Reranking. After vector search, rerank results with a cross-encoder model (e.g., Cohere Rerank) for better precision.

Multi-modal ingestion. Add support for images (with vision models), spreadsheets (CSV/Excel parsing), and HTML (with content extraction).

Admin dashboard. Build a simple frontend that shows the cost dashboard, quality metrics, and lets you browse recent queries and answers.

Key Takeaways

A production RAG system is more than retrieval + generation.
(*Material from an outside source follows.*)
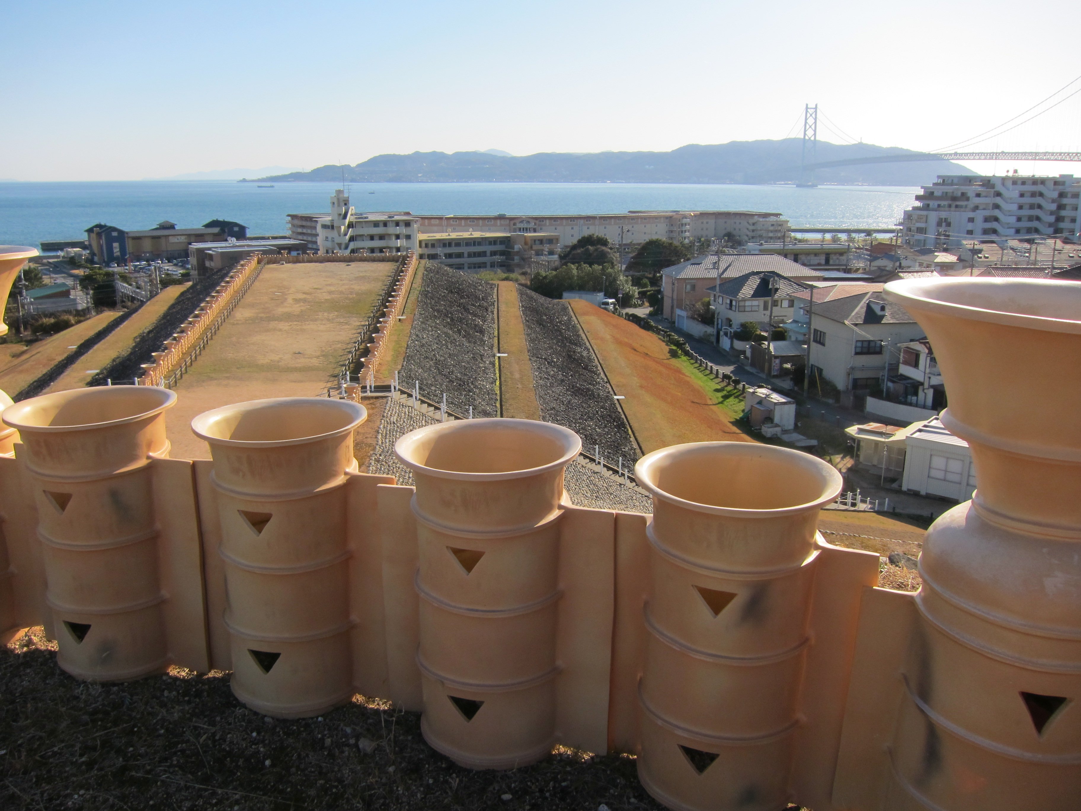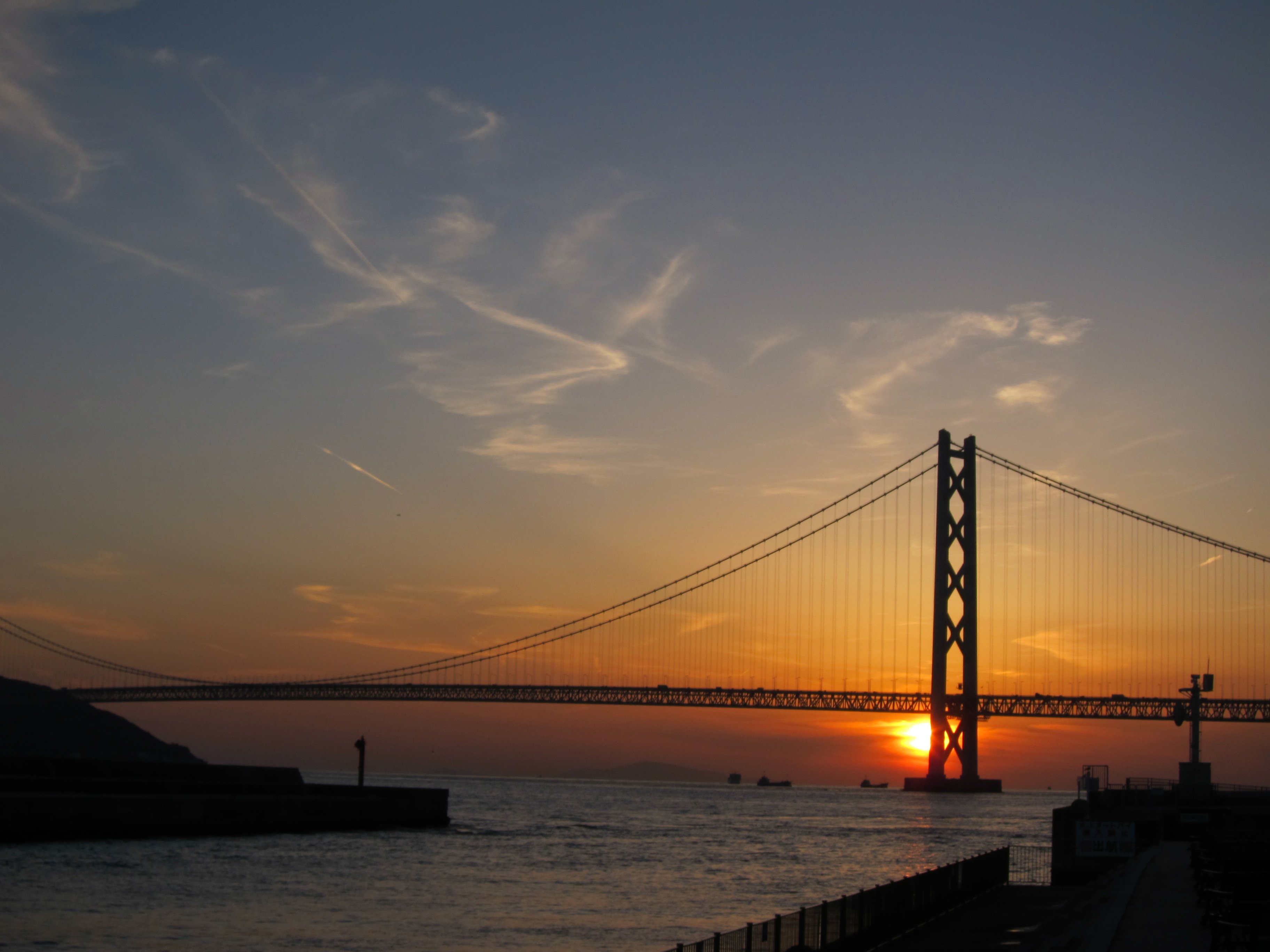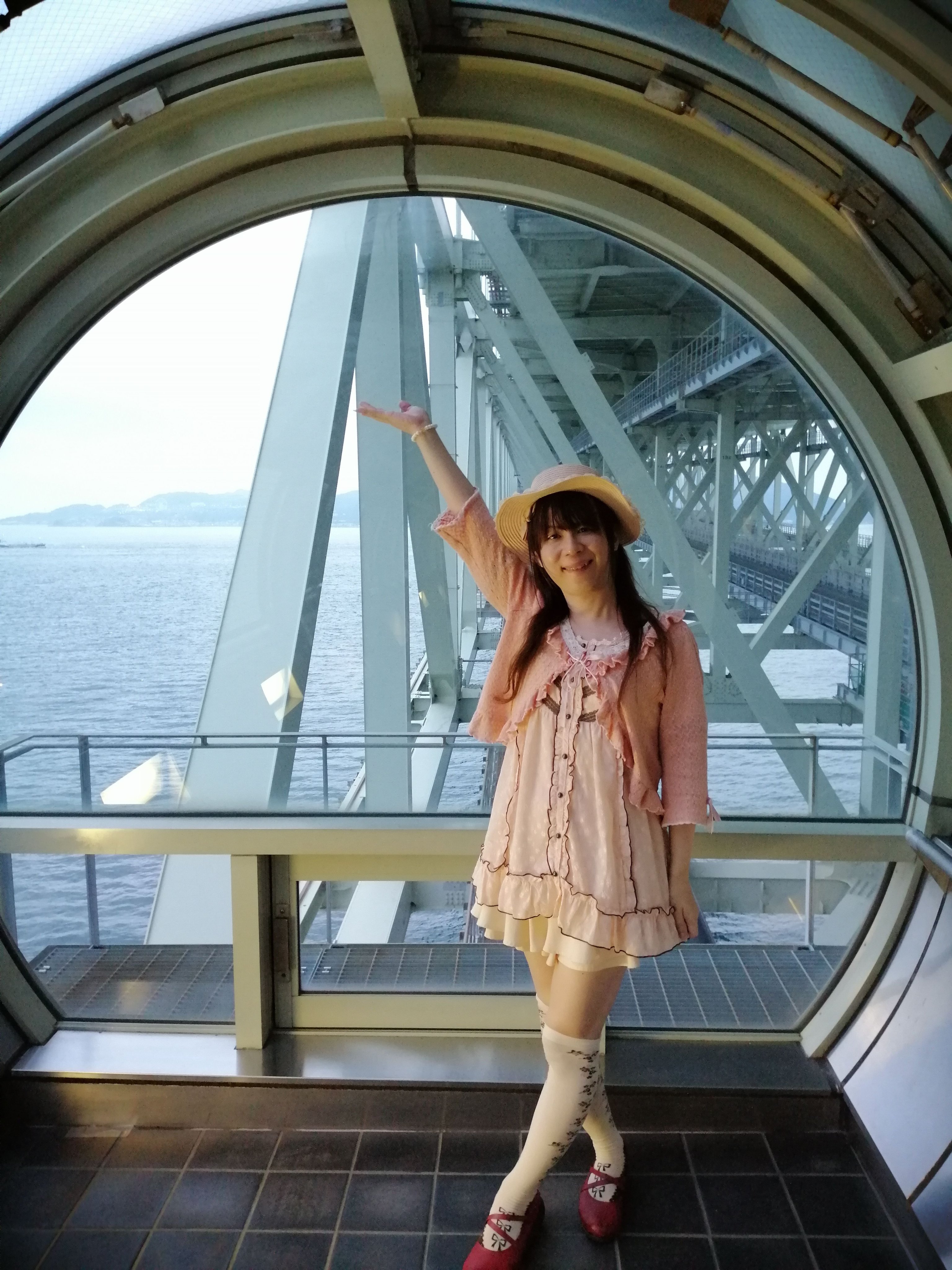 「舞子海上プロムナード」で橋桁のところを歩けて、とってもきれいな景色が楽しめましたー 透けてて下が見えるところ歩いて、なかなかの恐怖体験が出来ますー 大丈夫とわかってても、一歩目はちょっとおっかなびっくりでした。

It includes ingestion pipelines, input validation, cost tracking, session management, error handling, evaluation, and deployment infrastructure.
Configuration belongs in one place. Every tunable parameter — model names, chunk sizes, token limits, cost rates — should live in a config file or environment variables. No magic numbers in business logic.
Chunking quality determines retrieval quality. If your chunks are too large, you waste tokens on irrelevant context. Too small, and you lose coherence. The recursive splitting approach with overlap is a solid default.
Always track costs per request. Token costs are variable and can spike unexpectedly. Log prompt tokens, completion tokens, and estimated cost for every LLM call. Set daily budget alerts.
Streaming transforms user experience. Users perceive streaming responses as faster even when total latency is the same. The SSE implementation adds minimal complexity and makes the bot feel responsive.
Input validation is your first line of defense. Rate limiting, length checks, and prompt injection detection should happen before any tokens are spent. Reject bad input early and cheaply.
Evaluation is not optional. Without automated eval, you’re flying blind. Build a test dataset, run it regularly, and track scores over time. Quality drift happens silently — scheduled evals are the only way to catch it.
Session management needs persistence in production. In-memory session stores work for prototyping. For production, use Redis or a database with TTL-based expiry.
Start simple, then extend. This project is ~400 lines of core logic. It handles the common case well. Add reranking, hybrid search, and multi-modal support only when your evaluation data shows you need them.
Every technique in this project was covered in earlier lessons. Prompt engineering (Lesson 3-4), RAG (Lesson 5), chunking (Lesson 7), evaluation (Lesson 8), streaming (Lesson 9), cost optimization (Lesson 10), security (Lesson 11-12), agents (Lesson 13), and observability (Lesson 14). The capstone project is where they all connect.